Pavel Fedin Oct. 7, 2015, 3:10 p.m. UTC | #1
Hello!

> As the actual LPI number in a guest can be quite high, but is mostly
> assigned using a very sparse allocation scheme, bitmaps and arrays
> for storing the virtual interrupt status are a waste of memory.
> We use our equivalent of the "Interrupt Translation Table Entry"
> (ITTE) to hold this extra status information for a virtual LPI.
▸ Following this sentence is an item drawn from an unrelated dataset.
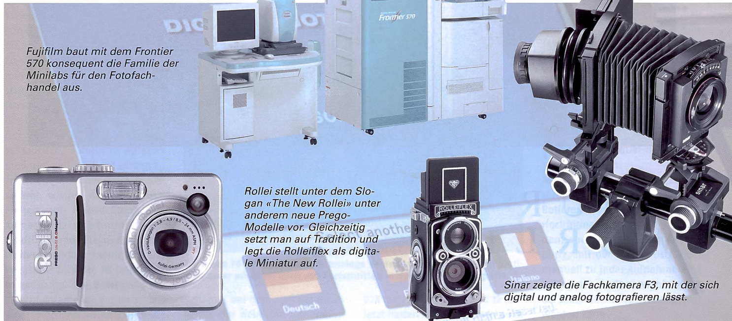
Fujifilm baut mit dem Frontier 570 konsequent die Familie der Minilabs für den Fotofachhandel aus.

Sinar hat eine neue universelle Fachkamera für digitale Fotografie, die F3 , vorgestellt. Sie lässt sich mit entsprechendem Adapter auch mit einem Filmmagazin bestücken. Die F3 verfügt – wie auch die digitale Studiokamera P3 – über integrierte Kontakte. Darüber können ohne zusätzliche Kabel die elektronischen Zwischenlinsenverschlüsse der CMV-Objektivreihe angesteuert werden.

 You know, not that i'm strongly against current approach and want you to redo everything once
again, but... Is it architecturally correct to intertwine LPIs and ITS so much? As far as i
understand arch manual, it is possible to have LPIs without ITS (triggered by something else?).
Shouldn't we do the same, and just add LPI support to our redistributors, and then proceed with the
ITS?
 As to memory consumption, do we really need to store own copy of tables? After all, it's just a
memory. What if we map a pointer directly into guest's memory (which it writes to
PROPBASER/PENDBASER), and just keep it? There will be no issues with caching and synchronization at
all.

Kind regards,
Pavel Fedin
Expert Engineer
Samsung Electronics Research center Russia


--
To unsubscribe from this list: send the line "unsubscribe kvm" in
the body of a message to majordomo@vger.kernel.org
More majordomo info at  http://vger.kernel.org/majordomo-info.html
Marc Zyngier Oct. 7, 2015, 3:35 p.m. UTC | #2
On 07/10/15 16:10, Pavel Fedin wrote:
>  Hello!
> 
>> As the actual LPI number in a guest can be quite high, but is mostly
>> assigned using a very sparse allocation scheme, bitmaps and arrays
>> for storing the virtual interrupt status are a waste of memory.
>> We use our equivalent of the "Interrupt Translation Table Entry"
>> (ITTE) to hold this extra status information for a virtual LPI.
> 
> You know, not that i'm strongly against current approach and want you
> to redo everything once again, but... Is it architecturally correct
> to intertwine LPIs and ITS so much? As far as i

Yes it is.

> understand arch manual, it is possible to have LPIs without ITS
> (triggered by something else?). Shouldn't we do the same, and just
> add LPI support to our redistributors, and then proceed with the 
> ITS?

No. We're implementing a monolithic GICv3 that doesn't offer writing to
the redistributors directly from a device. And frankly, that's good enough.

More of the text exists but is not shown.